Oui, merci de te casser le bol à aller les chercher dans les replis des collines volcaniques des hautes terres d'Auvergne.
A la ferme "d'en haut", là où le chemin d'accès est sinueux et sans issue. Et là où l'on te laisse seul dans la cuisine qui sent encore la café du matin, tandis que l'on descend les marches humides qui mènent à la cave, le temps de remonter avec les bras chargés.
Un vieux chien au membres raidis, s'étale sous la table. Il t'observe l’œil résigné. Depuis quelques hivers déjà, il a renoncé à se lever pour t'accueillir, et à courir sur le chemin pour te raccompagner, histoire de jouer à mordiller des pneus neufs.
Les minutes s'égrainent lentement au tic-tac du balancier de l'horloge ancienne. La nappe usée, de toile cirée tendue par des baguettes, accueille maintenant tes fromages. Ils y seront soigneusement emballés un par un, dans des exemplaires à peine jaunis de "La Montagne", parce que "C'est meilleur !", te glisse t-on avec un sourire malicieux.
On te sert un café brulant. Il a déjà bouilli au moins trois fois, depuis l'heure de la traite.
Tu portes à tes lèvres une tasse en porcelaine "du mariage", aux motifs palis, alors que tu devises sur la météo, décidément humide cette année, et que même que si ça continue, il n'y aura pas d'hiver.
Les billets neufs à peine sortis, sont prestement escamotés.
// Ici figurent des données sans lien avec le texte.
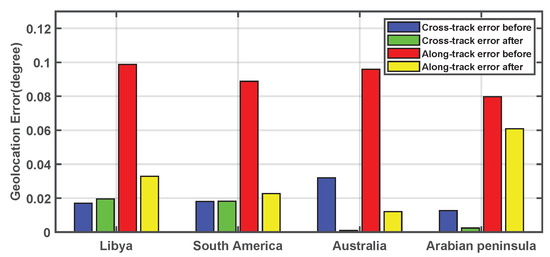 The quantitative results on the mean geolocation errors before and after correction are given in Figure 8. Blue and red bars denote the cross-track error and along-track error before the correction of geolocation errors, while green and yellow bars denote the cross-track error and along-track error after the correction, respectively. As shown, the geolocation errors are mainly concentrated in the along-track direction: the along-track errors of the four regions are between and , and the cross-track errors are about . After correction, the geolocation errors have been greatly reduced: in the along-track direction, the geolocation errors of Libya, South America and Australia have been significantly reduced, while that of the Arabian Peninsula is relatively small; in the cross-track direction, the geolocation errors of Australia and the Arabian Peninsula have been significantly reduced. Overall, the average geolocation error of each region was reduced by after correction. It demonstrates the superiority of -ICP CIM from a quantitative point of view.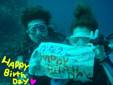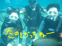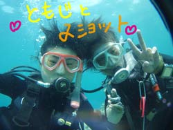 今日の午後から元気にダイビングをしてくれたのは中学生の頃から長〜い付き合いの2人★かなちゃん&しのんちゃんでぇす!!2人は初めてのダイビング♪とっても緊張していたけど荒れている海の中、頑張って潜りましたね!!心配していた耳抜きも上手にこなして砂辺の透き通る水中世界へ(0^^0) 入った瞬間たくさんのお魚さんたちのお出迎え♪必死に?!捕まえようとしてみるものの・・・水中世界は魚の方が強いみたい★笑 たっぷり餌をあげた後はニモファミリーのお家へレッツゴ〜!!大きなニモママに歓迎のチュ〜までしてもらってニッコリ素敵な笑顔(^0^) 意外と余裕だった2人は水中を優雅に泳いでお散歩しましたネ☆空を飛ぶように泳ぐのはとっても気持ちいいでしょ??また沖縄旅行に来たらキラキラ輝く海に潜りに来て下さいね☆お待ちしてま〜す♪ |

Sauf ces drôles de billets de cinq euros, que l'on ne connaissait pas encore, et sur lesquels on s’attarde un peu. Un peu de curiosité, un petit fond de méfiance. Sait on jamais...
Il est déjà l'heure de repartir. La lourde porte en chêne claque dans ton dos, alors que tu t'éloignes vers ton Land.
Son habitacle sent maintenant un peu le chien mouillé, mais là, tu sais que ça vient de ton chargement...
Tu penses au sourire de la vieille, à celui des copains qui t’accueilleront dans quelques heures. Tu ne peux réprimer une ébauche de larme, que tu écrases rapidement d'un revers de manche.
Il est tard déjà, et la route est longue, encore.